= Data listing =
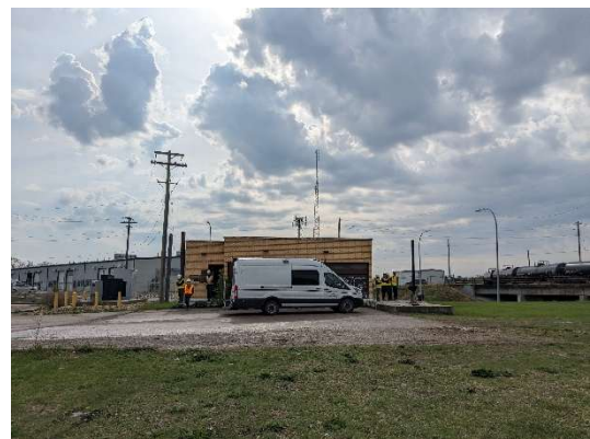
Photo 18: Roland Outfall – looking east from upper bank towards pumping station
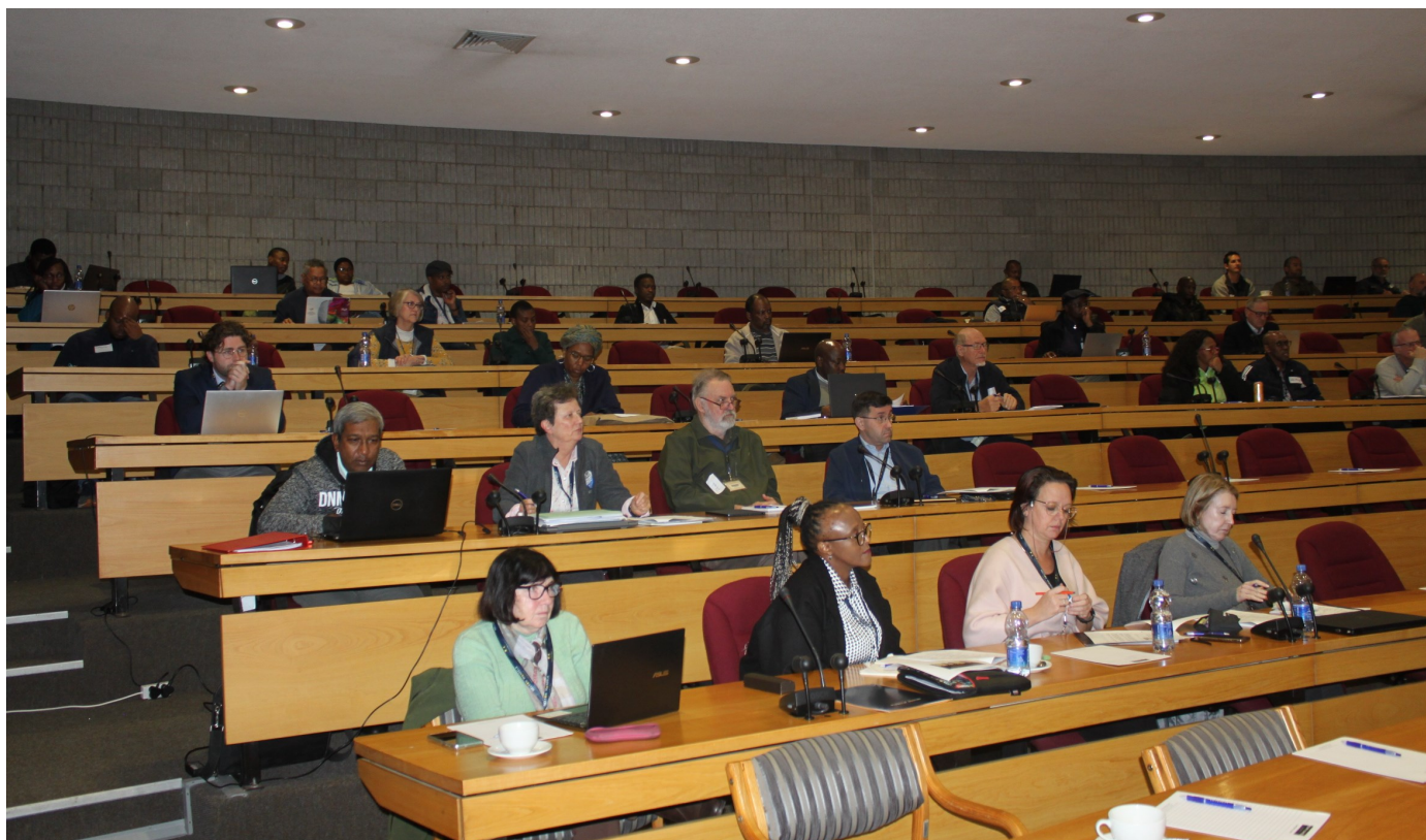
Faculty of Science Curriculum Renewal Participants at the North Campus Conference Centre
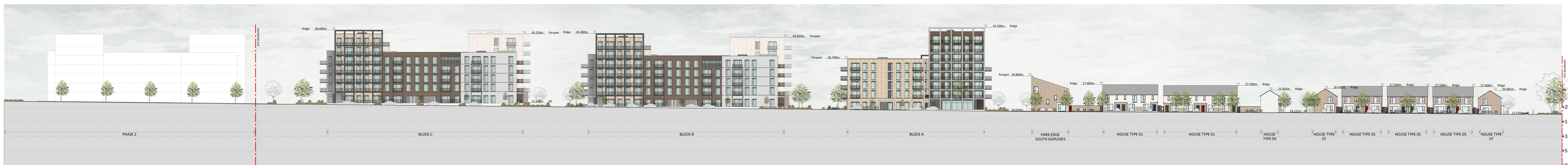
SECTION F-F 1:500
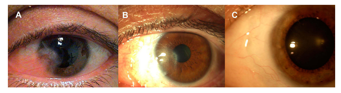
Figure 3 Residual corneal scar. (A) Recurrent pterggium preoperative; (B) residual corneal scar I week postoperative; (C) 12 years post laser laser corneoplastique.

To date, there is still a debate on the optimal extent of surgical excision necessary to prevent pterygium recurrence with many authors arguing the requirement of simple removal of the pterygium head while others argue extensive dissection and excision of the entire ptervgium. 17,18 A main concern with limited excision is the possibility of residual pterygium (especially for aggressive pterygia) that can lead to recurrence. Supporting this notion, Bai et al<sup>19</sup> reported spatial differences in different parts of pterygium tissue wherein cells from the pterygia head and body showed higher colony forming units and was correlated to cell expression of p63α, a molecule involved in the regulation of epithelial maturation. Hence, the surgical procedure described in our study aims to remove the entire growth by using a lamellar corneal approach along with atraumatic yet complete pterygium removal. We also performed minimal dissection of the scar tissue until we found the bare sclera and identified a proper dissection plane. This is contrary to some techniques wherein surgeons chase the scar tissue from different approaches resulting in cutting into multiple planes and bleeding that may distort the anatomy and complicate subsequent surgical steps.

= Task description =
Filter the entries above and copy only the lines that hold "corneal".

= Written response =
Figure 3 Residual corneal scar. (A) Recurrent pterggium preoperative; (B) residual corneal scar I week postoperative; (C) 12 years post laser laser corneoplastique.
To date, there is still a debate on the optimal extent of surgical excision necessary to prevent pterygium recurrence with many authors arguing the requirement of simple removal of the pterygium head while others argue extensive dissection and excision of the entire ptervgium. 17,18 A main concern with limited excision is the possibility of residual pterygium (especially for aggressive pterygia) that can lead to recurrence. Supporting this notion, Bai et al<sup>19</sup> reported spatial differences in different parts of pterygium tissue wherein cells from the pterygia head and body showed higher colony forming units and was correlated to cell expression of p63α, a molecule involved in the regulation of epithelial maturation. Hence, the surgical procedure described in our study aims to remove the entire growth by using a lamellar corneal approach along with atraumatic yet complete pterygium removal. We also performed minimal dissection of the scar tissue until we found the bare sclera and identified a proper dissection plane. This is contrary to some techniques wherein surgeons chase the scar tissue from different approaches resulting in cutting into multiple planes and bleeding that may distort the anatomy and complicate subsequent surgical steps.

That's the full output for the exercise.